An answer to this question says Facebook generates a bunch of password guesses to see if they hash the same as a previous version of the password.

Why bother? If a service forces every password to have sufficient length and complexity, why should it care if the changed password is similar to the previous password, since in theory each password is already sufficiently long and complex to meet security requirements?

Does Facebook's policy really prevent some kind of attack where hackers start with long complex password guesses and then try minor variations, or is it just an irritant for users, preventing them from using what are actually sufficiently good new passwords?

Community
  • 1
Witness Protection ID 44583292
  • 431
  • 4
  • 5

2 Answers2

52

Because if Facebook can algorithmically produce similar passwords, then so can a password cracker.

The sequence could go like this: Password compromised -> user changes it to something similar -> new password compromised algorithmically by trying similar passwords to known previous one.
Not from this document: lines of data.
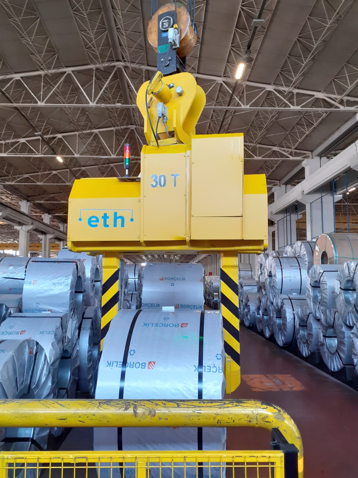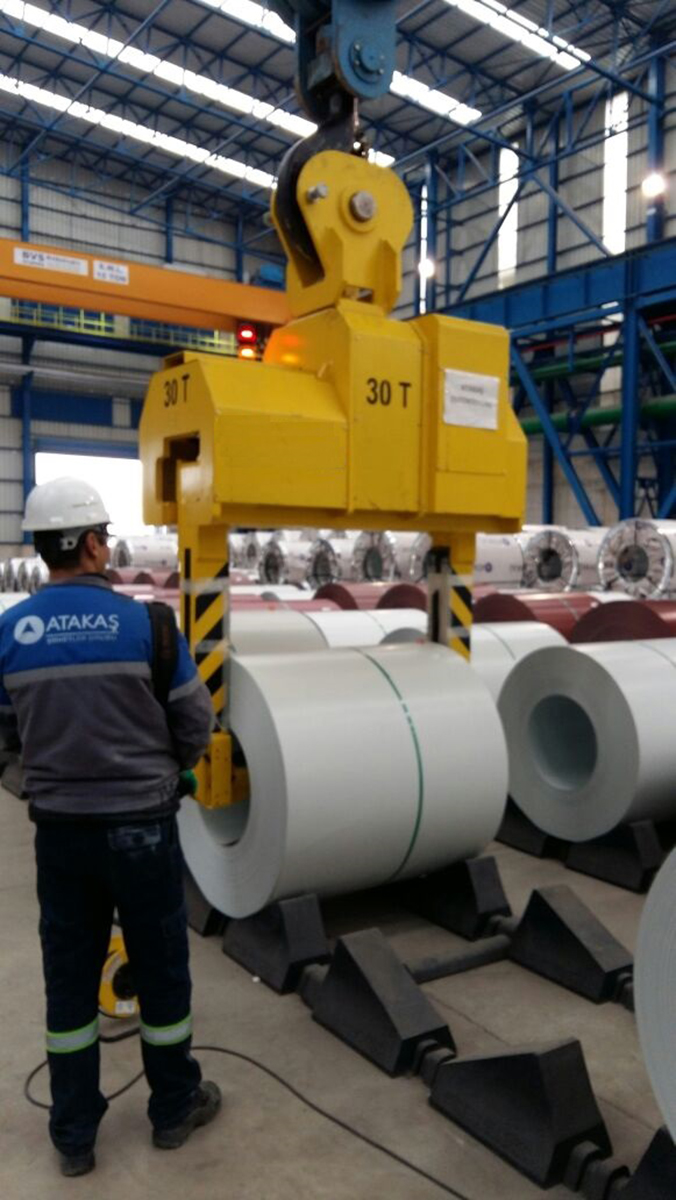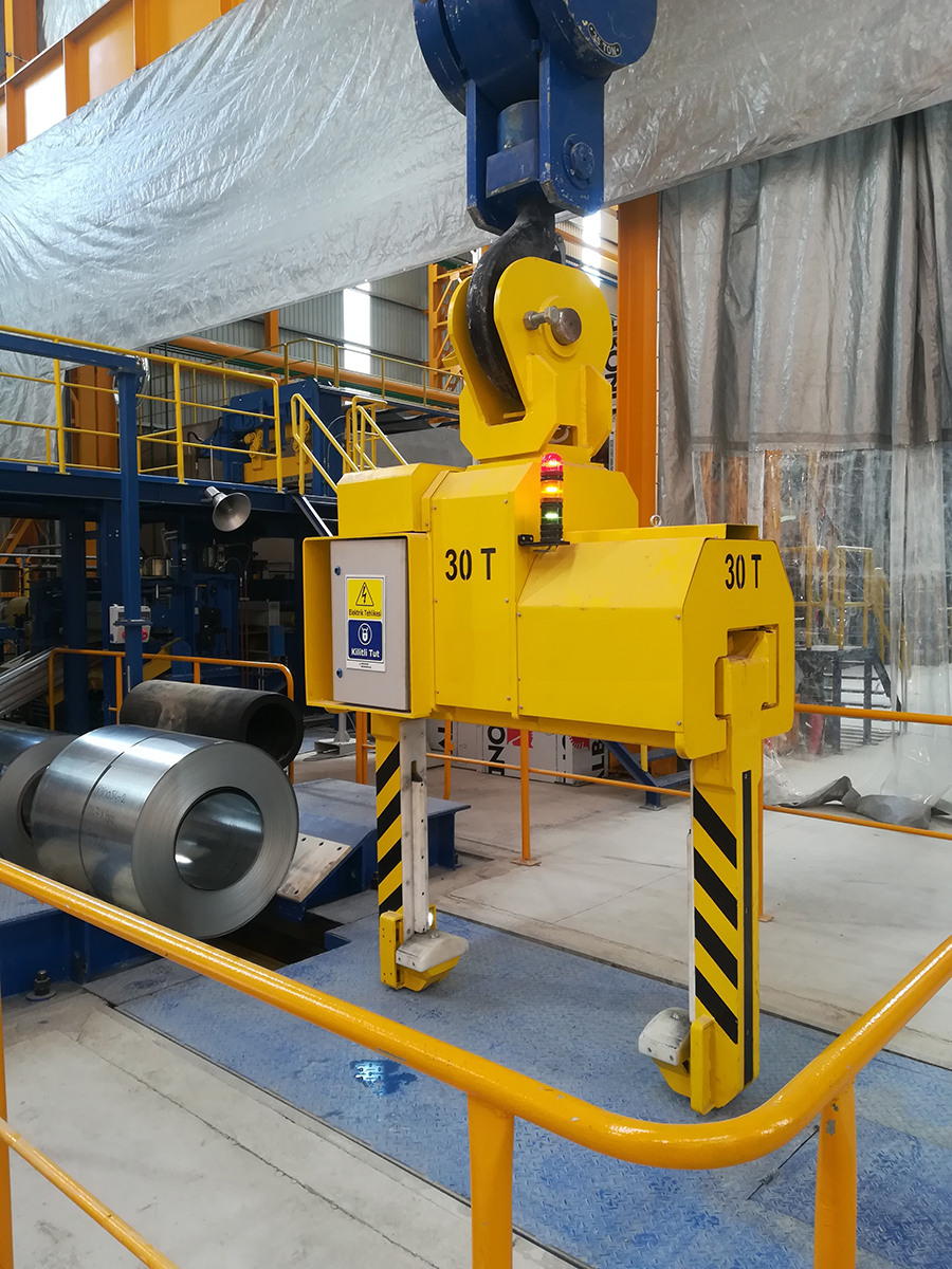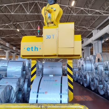 Der horizontale Coil Tong von ETH Mühendislik ist eine zuverlässige Lösung für das Heben, Drehen und Transportieren von Stahl-, Aluminium- und Papiercoils. Die robuste Konstruktion, die 360°-Drehfunktion und moderne Sensorik garantieren höchste Sicherheit und Materialschutz im industriellen Einsatz.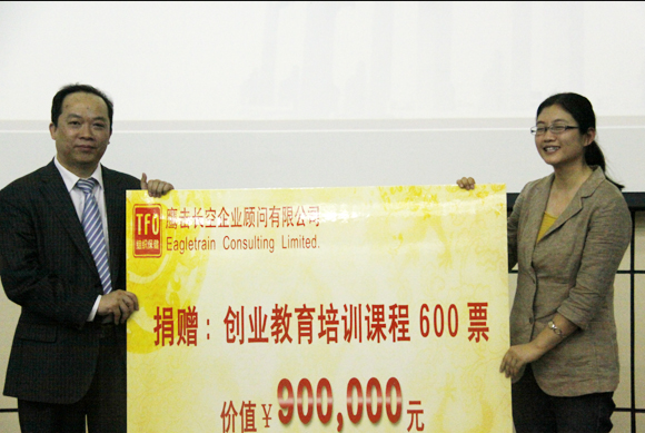 翁山總經理為學院捐贈“鷹擊長空創業教育培訓課程”(鷹擊長空獎學金)支票板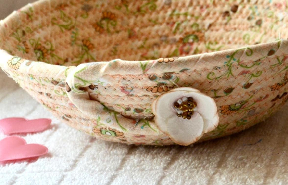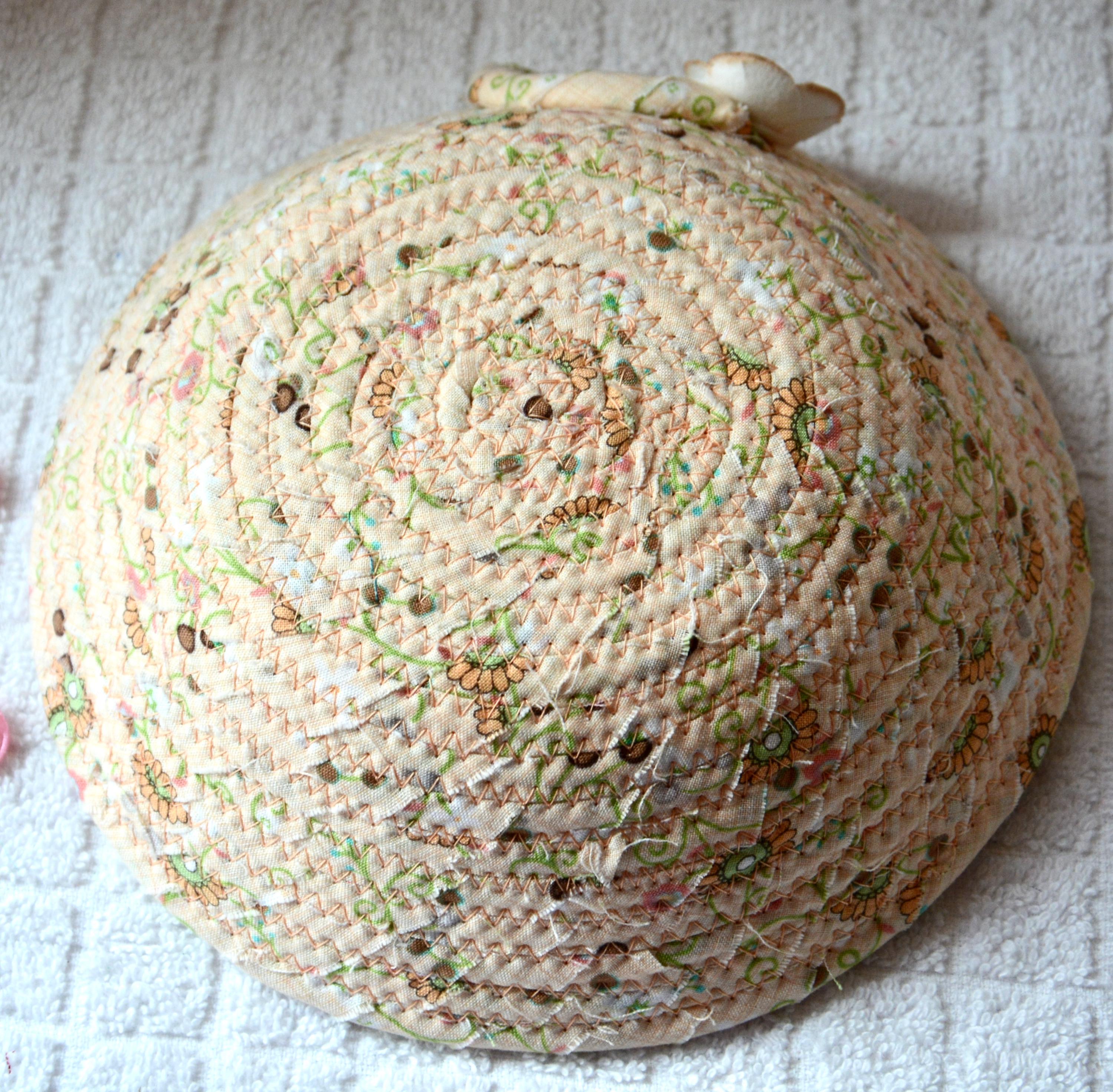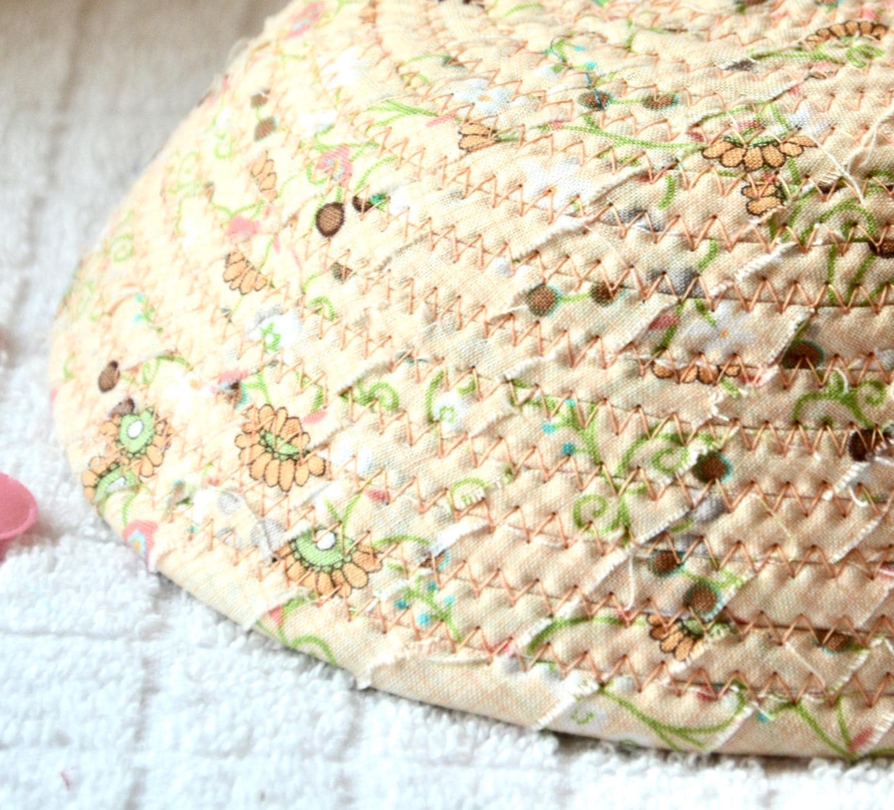 I hand wrapped this lovely cotton fabric around cotton line, which I then hand coiled and machine quilted to make it sturdy. I used the raw edge technique with a little fray for a great shabby chic texture. The pretty flower on the basket is included for a nice accent. 100% cotton fabric and shows on the inside of the basket too! The last picture is the fabric on my cutting table.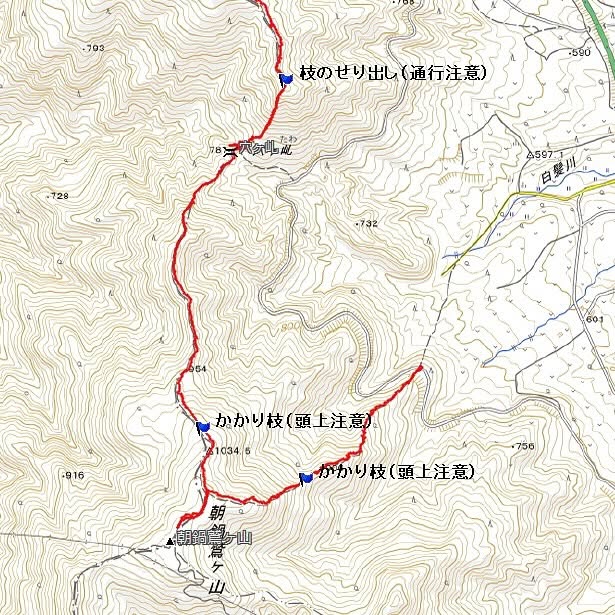 朝鍋鷲ヶ山~穴ヶ乢間で少なくとも2か所あります。
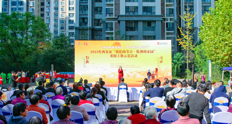 10月20日,在九九重阳节来临之际,由中共西安市委文明办指导,西咸新区宣传文旅局、西咸新区党工委文明办主办,西咸新区沣西新城党政办公室、钓台街道办事处承办的2023年西安市“我们的节日·精神的家园”重阳主题示范活动,在沣西新城康定和园社区中心广场举办。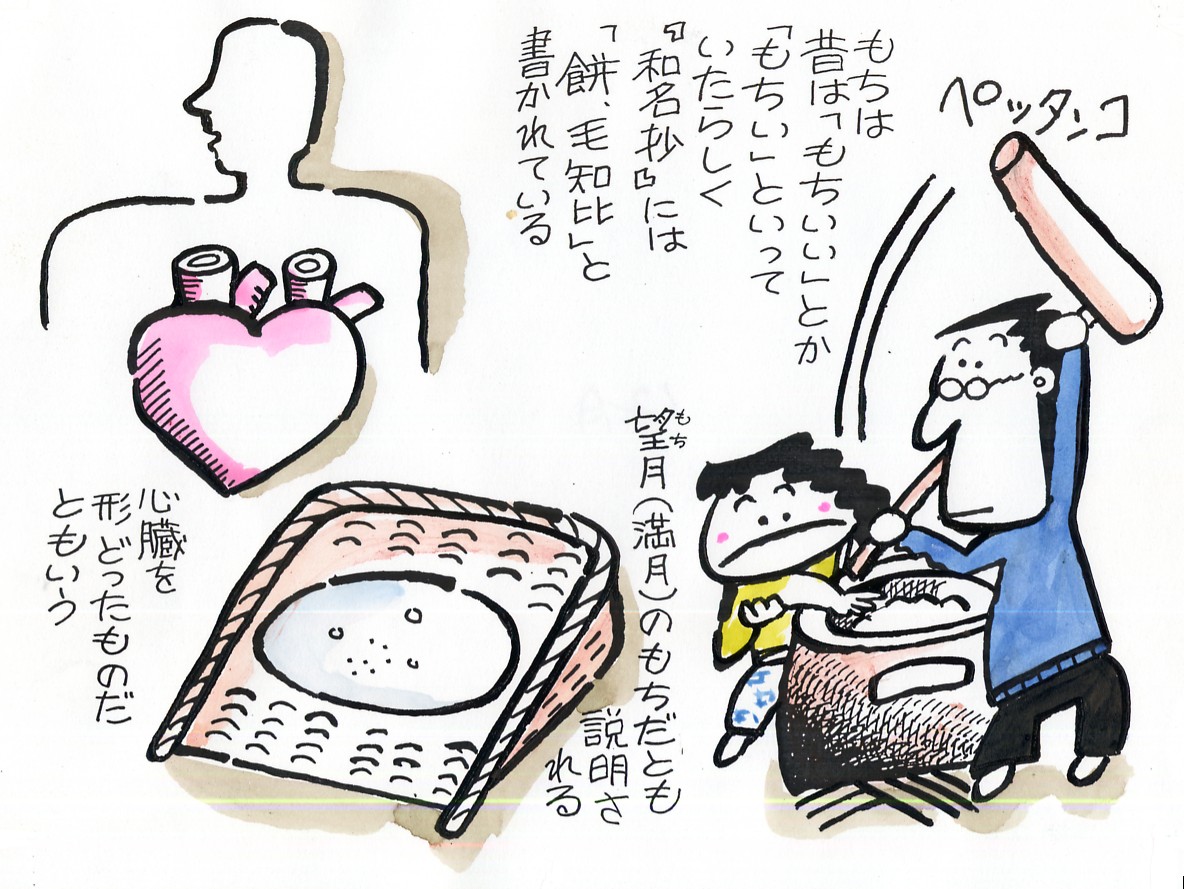 ▼餅つき 正月用の鏡餅やお雑煮のもちは、かつては個々の家で用意しまし |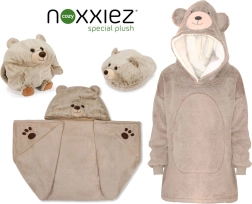 Der wärmende Kapuzen-Deckenhoodie Cozy Noxxiez im Bärendesign macht Entspannung zu purem Komfort. Innen wärmt flauschiger Sherpa-Fleece, außen begeistert extra weicher Flanell. Dank des oversize Schnitts zieht nichts, schränkt nicht ein und passt Kindern von 3 bis 6 Jahren wunderbar.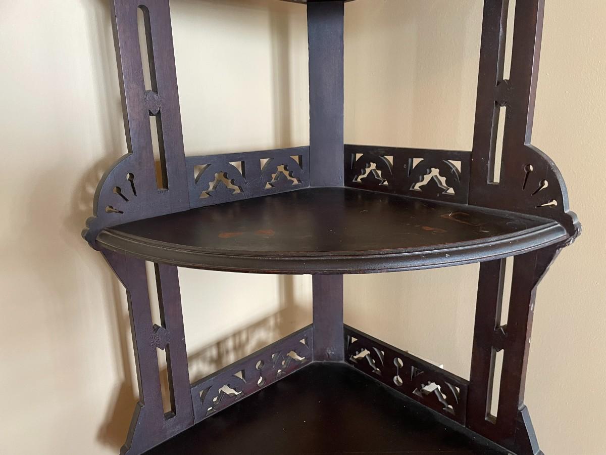 Antique Victorian Solid Wood 5 Tiered Corner Shelf
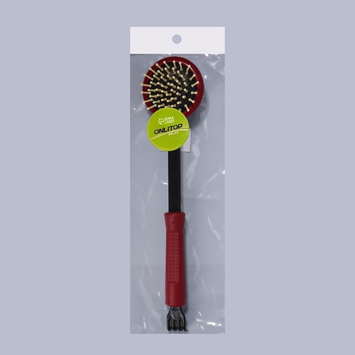 Массажёр-чесалка «Отдых», двусторонний, универсальный, 35 × 6 × 8 см, цвет красный/чёрный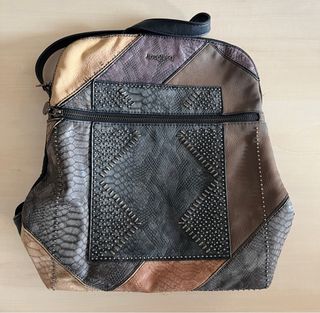 Bolso Desigual original, usado solo dos veces. Presenta un diseño patchwork con diferentes texturas y colores. - Asa trenzada. - Correa larga ajustable. - Cierre de solapa.
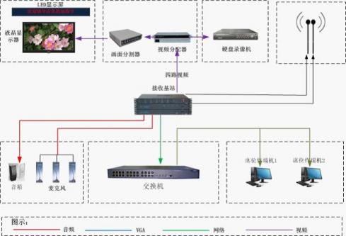 基站接收前端机动车辆的4路现场图像,从基站的解码单元输出4路图像至4进8出的视频分配器,分出的2对4路图,一对接至硬盘录像机进行存档,一对接至42寸液晶显示器用作监控、指挥、调度。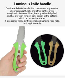 The handle material is a non-slip luminous rubber which glows in the dark and provides a firm grip-hold. The knife slots into a tough ABS plastic sheath, with quick release button for access to your knife. Additional built-in tools include a glass breaker pommel, bottle opener and rope attachment points.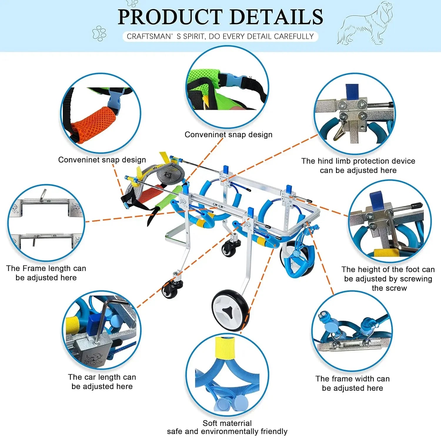 Designed with aviation aluminum, the unit is lightweight yet incredibly sturdy, so you can support your furry friend without adding unnecessary weight. The front wheel is a universal wheel, making steering effortless and giving you precise control as your dog regains confidence on every outing.

Also, imagine a scenario where an account is being specifically targeted by an actual human being. The attacker may know previous passwords or have an idea what they roughly could have been (e.g. the account owner's ex romantic partner or something). In this case, a password that was similar to a previous one would be more likely to be guessed.

MHG
  • 777
  • 7
  • 7
  • 3
    Step 1 ("password compromised") is what makes this seem like a lot of bother for nothing. If it was Facebook's fault an original password was leaked, then there was a bigger problem that new password checking didn't solve anyway. If it's the user's fault the original password was leaked, Facebook can't stop the user from making the same mistake with a new password no matter how different it is. ("We've forced you to use an unusual password. You're not going to write it on that postit stuck to your computer, right?") It seems password similarity checks mostly give a false sense of security. – Witness Protection ID 44583292 Mar 19 '14 at 23:01
  • 8
    It doesn't matter to the security question whose "fault" the exposure was. It is a lot easier to help a user generate a good password at creation time when you can see the plain-text than afterwards by reproducing the password cracking process. – Slartibartfast Mar 20 '14 at 01:40
  • What I do not understand is how can it help? AFAIK passwords are stored using one way functions with salt. So even if an attacker got the hashes, how could he derive the original text for it to even matter? – One-One Mar 20 '14 at 08:47
  • http://security.stackexchange.com/a/53483/41913 – Craig Tullis Mar 20 '14 at 09:26
  • 7
    @One-One By 'compromised', Hugh means the plaintext is known. User changes it. Attacker guesses the user has changed it to something similar, so attacker tries similar passwords. – OJFord Mar 23 '14 at 05:59
  • 1
    @One-One Maybe you used the same password on a random site that stored the password in plaintext, and it got compromised... – Bakuriu Sep 23 '16 at 14:59
  • 1
    @One-One *"AFAIK passwords are stored using one way functions with salt. So even if an attacker got the hashes, how could he derive the original text for it to even matter? "* By quickly trying all 23 million known passwords that have ever leaked, as well as trying every word, with every possible combination of 1337-speek, and all combination of 2 character suffixes. That 2 or 3 seconds of work will probably have found your password. – Ian Boyd Jan 23 '19 at 16:32
1

Because users can easily circumvent the old-password policy by changing one character. Since you store hashes, and hashes change dramatically on small changes on the source, you have no way to measure the "distance" between different hashed passwords.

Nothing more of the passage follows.